If \(R\) is the region bounded above by the graph of the function \(f(x)=9-(x/2)^2\) and below by the graph of the function \(g(x)=6-x,\) find the area of region \(R.\)

Solution.

The region is depicted in the following figure.

"This figure is has two graphs in the first quadrant. They are the functions f(x) = 9-(x/2)^2 and g(x)= 6-x. In between these graphs, an upside down parabola and a line, is a shaded region, bounded above by f(x) and below by g(x)."
Figure 6.12. This graph shows the region below the graph of \(f(x)\) and above the graph of \(g(x).\)

We first need to compute where the graphs of the functions intersect. Setting \(f(x)=g(x),\) we get

\begin{align*} f(x)\amp =g(x)\\ 9-\left(\frac{x}{2}\right)^2\amp = 6-x\\ 9-\frac{x^2}{4}\amp = 6-x\\ 36-x^2\amp = 24-4x\\ x^2-4x-12\amp = 0\\ (x-6)(x+2)\amp =0. \end{align*}

The graphs of the functions intersect when \(x=6\) or \(x=-2,\) so we want to integrate from \(-2\) to \(6.\) Since \(f(x)\geq g(x)\) for \(-2\leq x\leq 6,\) we obtain

\begin{align*} A\amp =\displaystyle{ \int_{a}^{b} [f(x)-g(x)]dx}\\ \amp=\displaystyle{\int_{-2}^{6}\left[9-(\frac{x}{2})^2-(6-x)\right]dx}=\displaystyle{\int_{-2}^{6}\left[3-\frac{x^2}{4}+x\right]dx}\\ \amp=\left.\left[3x-\frac{x^3}{12}+\frac{x^2}{2}\right] \right|_{-2}^{6}=\frac{64}{3}. \end{align*}

The area of the region is \(64/3\) units \(^2\text{.}\)

Checkpoint 6.13.

If \(R\) is the region bounded above by the graph of the function \(f(x)=x\) and below by the graph of the function \(g(x)=x^4,\) find the area of region \(R.\)

Hint.

Use the process from Example 6.11.

Solution.

\(\frac{3}{10}\) unit \(^2\)

Subsection 6.1.2 Areas of Compound Regions

So far, we have required \(f(x)\geq g(x)\) over the entire interval of interest, but what if we want to look at regions bounded by the graphs of functions that cross one another? In that case, we modify the process we just developed by using the absolute value function.

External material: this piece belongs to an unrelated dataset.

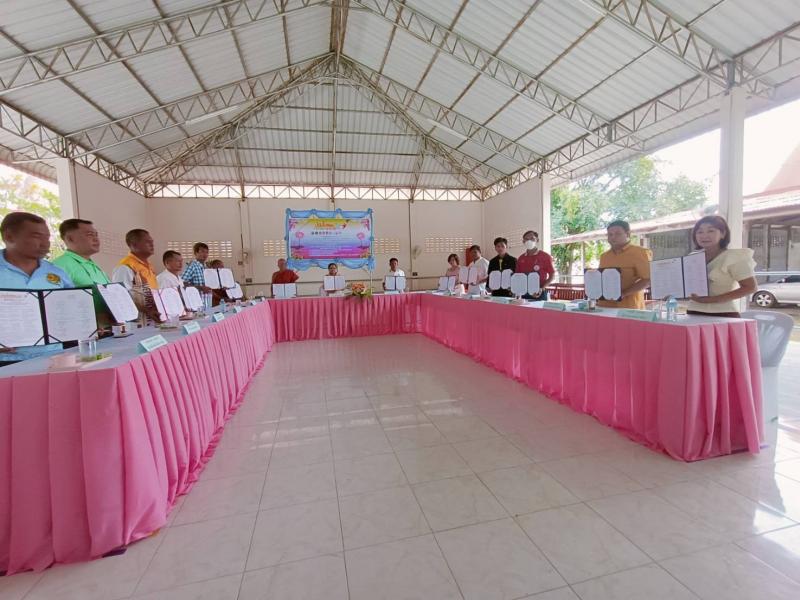 รายละเอียด : วันที่ 19 กรกฎาคม 2566 เทศบาลตำบลลิ้นฟ้าร่วมกับภาคีเครือข่าย ประกอบด้วย ท้องถิ่นอำเภอจตุรพักตรพิมาน ผู้นำชุมชน โรงเรียนในเขตพื้นที่ตำบลลิ้นฟ้า และ รพ.สต.บ้านลิ้นฟ้า ร่วมกันลงนามบันทึกข้อตกลง (MOU) ว่าด้วยความร่วมมือโครงการ วัด ประชา รัฐ สร้างสุข ในการพัฒนาวัด ตามแนวทาง 5ส. ณ วัดพิพิธมาลี บ้านป่าดวนหมู่ที่ 6 ตำบลลิ้นฟ้า อำเภอจตุรพักตรพิมาน จังหวัดร้อยเอ็ด โดยมี ร.ต.ต.หญิงอรุณี อินทรมณี นายอำเภอจตุรพักตรพิมาน เป็นประธานในการลงนาม MOU ร่วมกัน

In practice, applying this theorem requires us to break up the interval \([a,b]\) and evaluate several integrals, depending on which of the function values is greater over a given part of the interval. We study this process in the following example.

Example 6.15. Finding the Area of a Region Bounded by Functions That Cross.

If \(R\) is the region between the graphs of the functions \(f(x)=-x\) and \(g(x)=2-x^2\) over the interval \([-2,2],\) find the area of region \(R.\)

Solution.

Let's first find where the graphs intersect.

\begin{align*} f(x)\amp=g(x)\\ -x\amp=2-x^2\\ x^2-x-2\amp=0\\ (x-2)(x+1)\amp=0\\ x\amp=-1,\;2 \end{align*}

The graphs of the functions intersect at \(x=-1\text{ and }x=2.\) The region is depicted in the following figure.

"This figure is has two graphs. They are the functions f(x)= -x and g(x)= 2-x^2. There are two shaded areas between the graphs. The first shaded area is labeled "R1" and has f(x) above g(x). This region begins at x=-2 and stops where the curves intersect at x=-1. The second region is labeled "R2" and begins at the intersection with g(x) above f(x). The shaded region stops at x=2."
Figure 6.16. The region between two curves can be broken into two sub-regions.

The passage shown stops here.